山一證券は当時、四大証券の1つでしたが売り上げを伸ばすために無理をしていたことが大きな理由となっています。

証券会社の売り上げを伸ばすために重要とされていたものが、法人の顧客から支払われる営業特金でした。

営業特金は、証券会社が顧客から預かる運用資金のことで、山一證券は法人顧客を多く抱えていたため、営業特金の契約を取ることが会社には必要不可欠なことでした。

そのため、通称「ニギリ」と呼ばれる利回りを保証する行為が頻繁に行われるようになりました。

しかも、契約を取るために他社よりも有利な利回りを保証しました。

営業特金によって、短期間に多くの手数料収入をもたらしました。

利回りを保証するということは、運用が失敗したら損失の補てんをしなければなりませんが、株価が右肩上がりで上がれば問題はありませんでした。

また、ニギリは違法行為でしたが実際にはどこの証券会社でも行われていたことで、当時は損失の補てんや一任勘定取引も違法ではありませんでした。

山一證券は1兆8千億円の営業特金を集めて、1990年の決算では過去最高の2千336億円の経常利益を記録しました。

しかし、バブルが崩壊したことによって、営業特金は1千300億円の含み損に変わってしまいました。

含み損とは、価格の下落によって生じる会計帳簿には現れない損失のことです。

それに加えて、大口優遇の損失の補てんが社会問題となり、1990年に大蔵省が特金の禁止を通達しました。

山一證券は追い詰められて、含み損を全部かぶれば四大証券から転落してつぶれてしまうことも考え、違法でも顧客との約束を守るか、大蔵省に従って顧客に泣いてもらうか悩みました。

そこで取った方法が「うるさい企業に補てんはするが、そうでなければ先送りをして相場の回復を待つ」というものでした。

この時の問題を先送りにするために使用したトリックが通称「飛ばし」と呼ばれるものでした。

飛ばしとは、含み損が生じた資産を市場価格より高値で第三者に転売することで、損失を隠すことです。

決算期が近づいた企業の営業特金の含み損を表面化させないために、飛ばしをして一時的に別の会社に売却し、決算期が過ぎたら買い戻すということです。

さらには、企業がニギリ分の利息を保証し他の会社にひきとってもらう、通称「ニギリ飛ばし」も行われていました。

しかし、ニギリ飛ばしは株価が回復して含み損がなくならなければ、永遠に飛ばし続けることになってしまい、山一證券内部では「宇宙遊泳」と呼んでいたそうです。

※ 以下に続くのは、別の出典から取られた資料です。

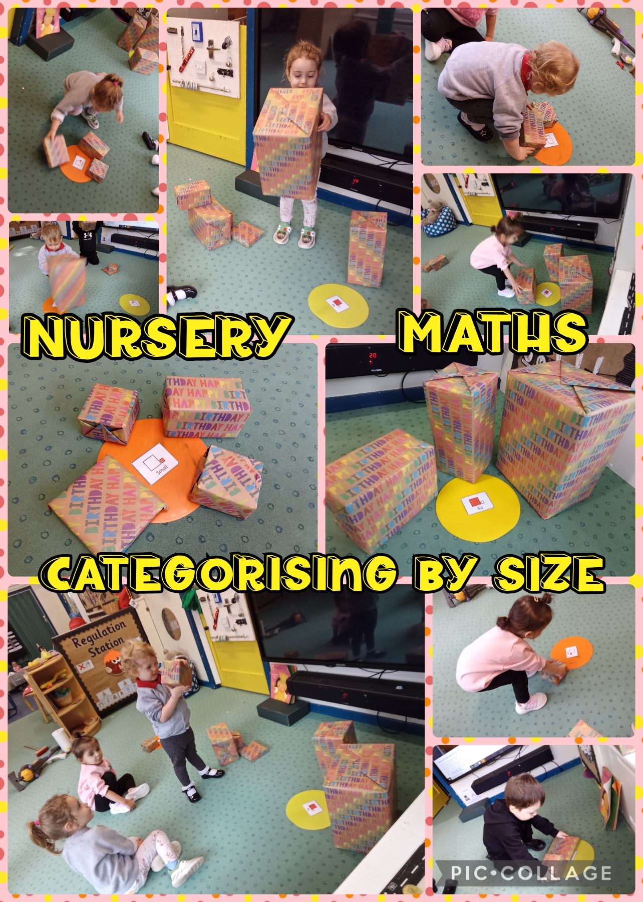 In this engaging maths lesson, the children focused on the concept of size by helping our book character, Lulu, with her birthday presents. Their initial excitement involved giving the wrapped gifts a good shake and guessing what might be inside! The main objective of the lesson was categorization by size. The children actively helped Lulu sort all the gifts into two distinct piles: big and small. Taking turns, each child eagerly chose a present and correctly placed it into the appropriate category. To support their learning and vocabulary acquisition, we utilized sound buttons and Widgit visual aids. These resources were instrumental in helping the children differentiate clearly between the terms "big" and "small." The children demonstrated a brilliant understanding of size differentiation and did an excellent job accurately sorting all of Lulu's gifts. This hands-on activity provided a fun, tangible way to reinforce early measurement concepts.

1991年、国会で損失補てんの問題が取り上げられ顧客は次々に営業特金の引き上げを要求しました。

ニギリ飛ばしの利息は安いものではなく、飛ばし先も限られて機転しまいました。

そこで、山一證券は海外にペーパーカンパニーを作ってそこに損失を移し、帳簿上では損失を隠しました。

この損失隠しにより、山一證券は完全な粉飾決算となりました。

1994年になると、帳簿外の損失を除いても山一證券は再び危機に陥り、他の三大証券に大きく差をつけられ、2期連続で赤字になりました。

そんな中でも大量の採用を続けたため、オフィスの不動産も拡大していきました。

大蔵省からは経営改善報告書の提出を求められ、内部から海外の債務を一括処理して一から出直さないかとの意見も出たが、最終的には帳簿外の債務は隠して、表向きな改善報告書が提出されました。

1997年、ついに損失が表面化して、3ヶ月前に社長を引き継いだ野澤社長がマスコミの前で会見し、涙を流しながら「社員は悪くありません!!!悪いのは全部経営陣です!!!」と言い、TVなどで繰り返し放送され大きな話題となりました。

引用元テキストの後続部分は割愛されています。